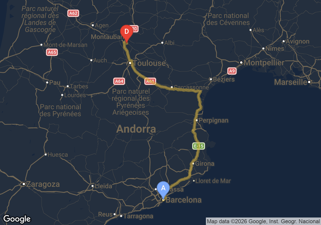 Trajets importants (Bordeaux, Carcassonne, Narbonne, Andorre...).
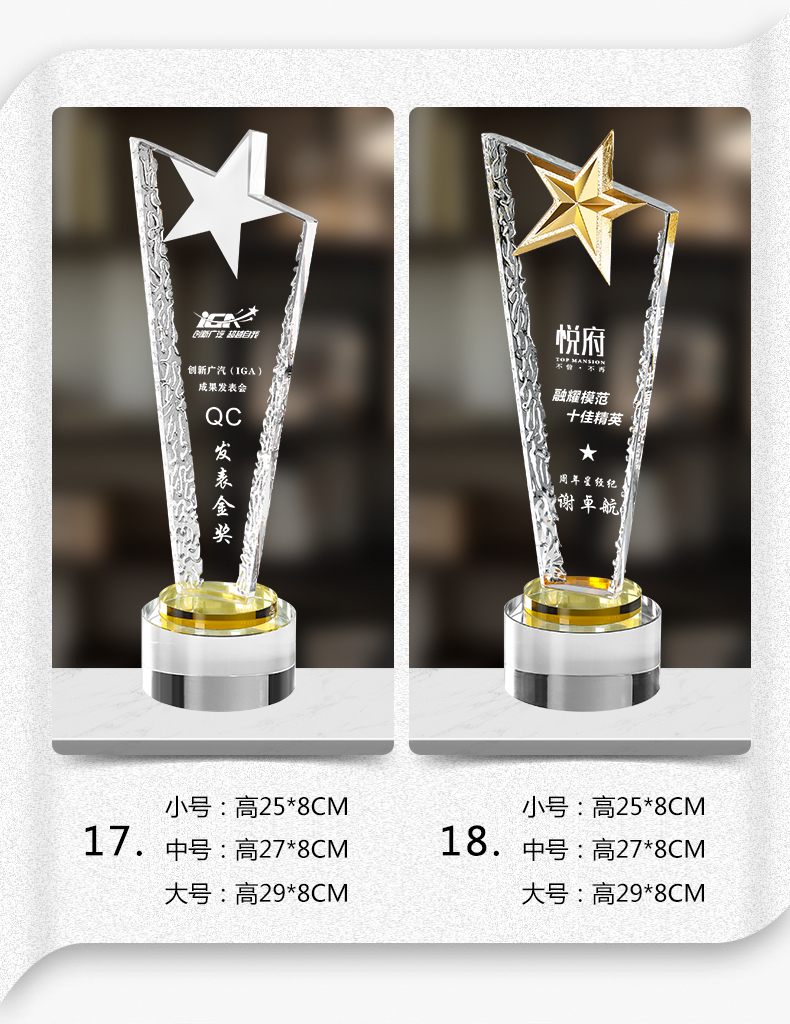 108 / 水晶奖杯定制创意五角星年会颁奖优秀员工奖牌订做玻璃刀片授权牌
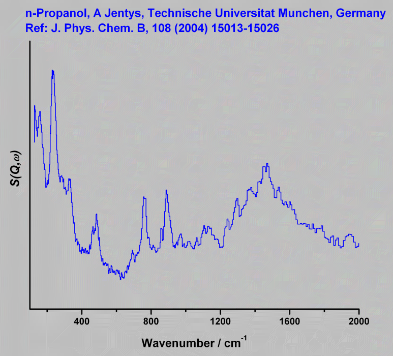 Inelastic Neutron Scattering spectrum of Propan-1-ol, C₃H₇OH, measured on the TOSCA instrument. n-Propanol.
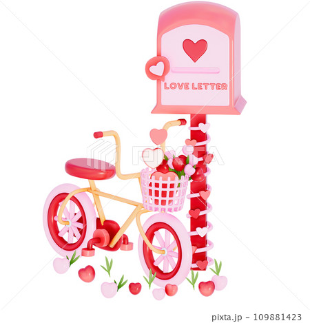Valentine mailbox with bicycle adorned with hearts and flowers heart-shaped on a transparent background, 3D rendering
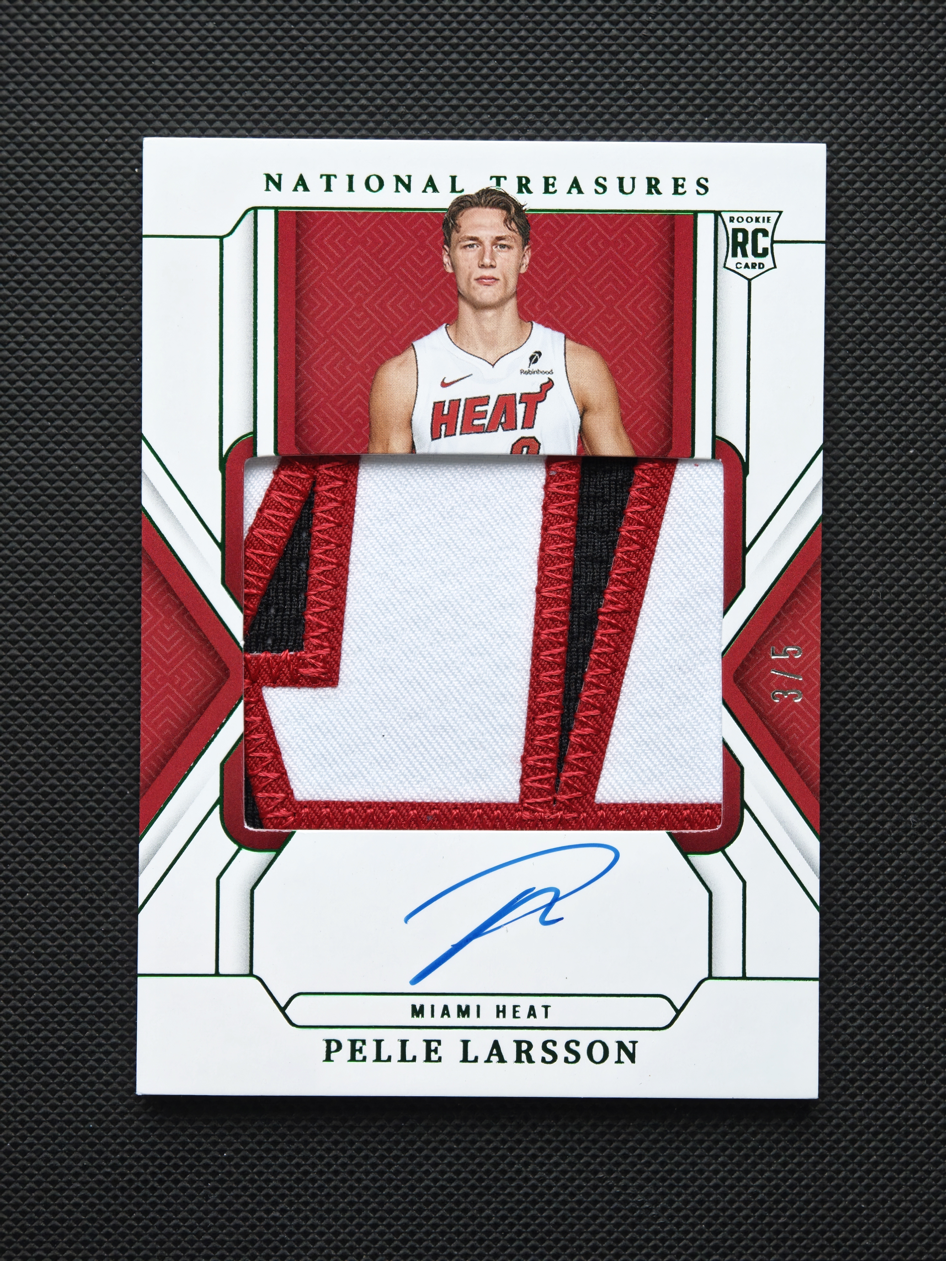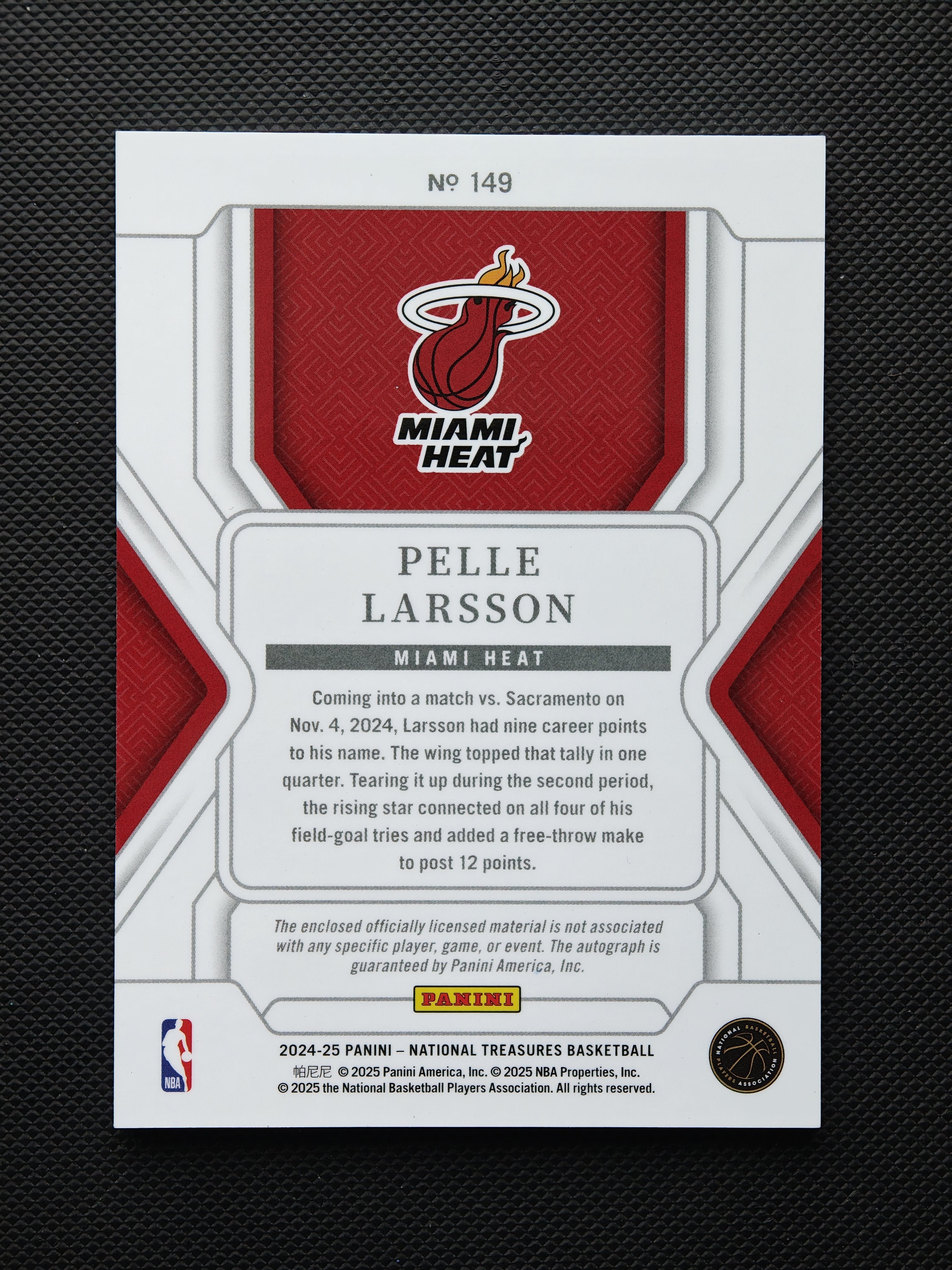 2024-25 Panini National Treasures Pelle Larsson RC 热火队首发新秀 佩勒 佩莱 拉尔森 拉尔松 拉松 5编国宝正RPA 绿宝石 卡签字母切割 卡角如图
▬▬▬▬▬▬
§ **ASSIGNMENT**
Set down the entire material verbatim, with each picture left out.

§ **THE COMPLETED TASK**
 Trajets importants (Bordeaux, Carcassonne, Narbonne, Andorre...).
 108 / 水晶奖杯定制创意五角星年会颁奖优秀员工奖牌订做玻璃刀片授权牌
 Inelastic Neutron Scattering spectrum of Propan-1-ol, C₃H₇OH, measured on the TOSCA instrument. n-Propanol.
Valentine mailbox with bicycle adorned with hearts and flowers heart-shaped on a transparent background, 3D rendering
 2024-25 Panini National Treasures Pelle Larsson RC 热火队首发新秀 佩勒 佩莱 拉尔森 拉尔松 拉松 5编国宝正RPA 绿宝石 卡签字母切割 卡角如图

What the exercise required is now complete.